Router#show queueing priority

Current DLCI priority queue configuration:
Current priority queue configuration:

List Queue Args
1 low default
1 medium protocol ip tcp port telnet
1 normal protocol ip
1 high protocol ip tcp port www

The output displays the current priority queue configuration.
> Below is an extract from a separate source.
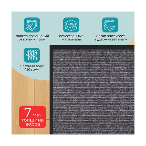 • Высокая впитывающая способность: коврик изготовлен из специальных материалов, которые эффективно поглощают влагу и грязь, предотвращая их распространение по вашему дому.
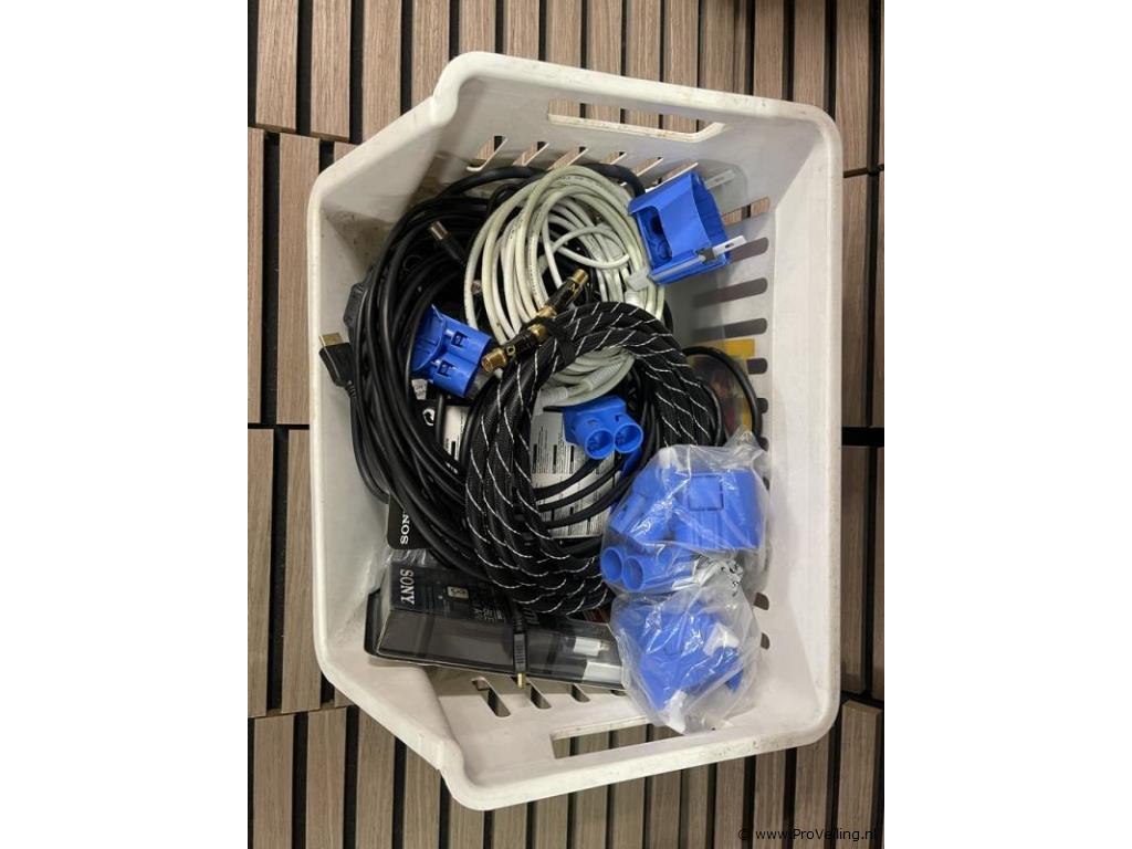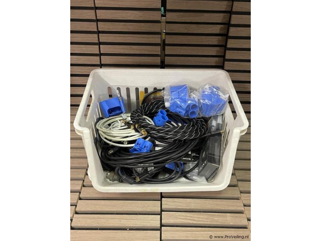 Partij diverse (audio) kabels in krat

Router#show interfaces e3/0

Ethernet3/0 is up, line protocol is up
Hardware is AmdP2, address is 000b.5f56.fb31 (bia 000b.5f56.fb31)
Internet address is 10.1.1.1/8
MTU 1500 bytes, BW 10000 Kbit, DLY 1000 usec,
reliability 255/255, txload 1/255, rxload 1/255
Encapsulation ARPA, loopback not set
Keepalive set (10 sec)
ARP type: ARPA, ARP Timeout 04:00:00
Last input 00:00:39, output 00:00:09, output hang never
Last clearing of "show interface" counters never
Input queue: 0/75/0/0 (size/max/drops/flushes); Total output drops: 0
Queueing strategy: priority-list 1
Output queue (queue priority: size/max/drops):
high: 0/20/0, medium: 0/40/0, normal: 0/60/0, low: 0/80/0
5 minute input rate 0 bits/sec, 0 packets/sec
5 minute output rate 0 bits/sec, 0 packets/sec

The output displays the queuing strategy for that particular interface.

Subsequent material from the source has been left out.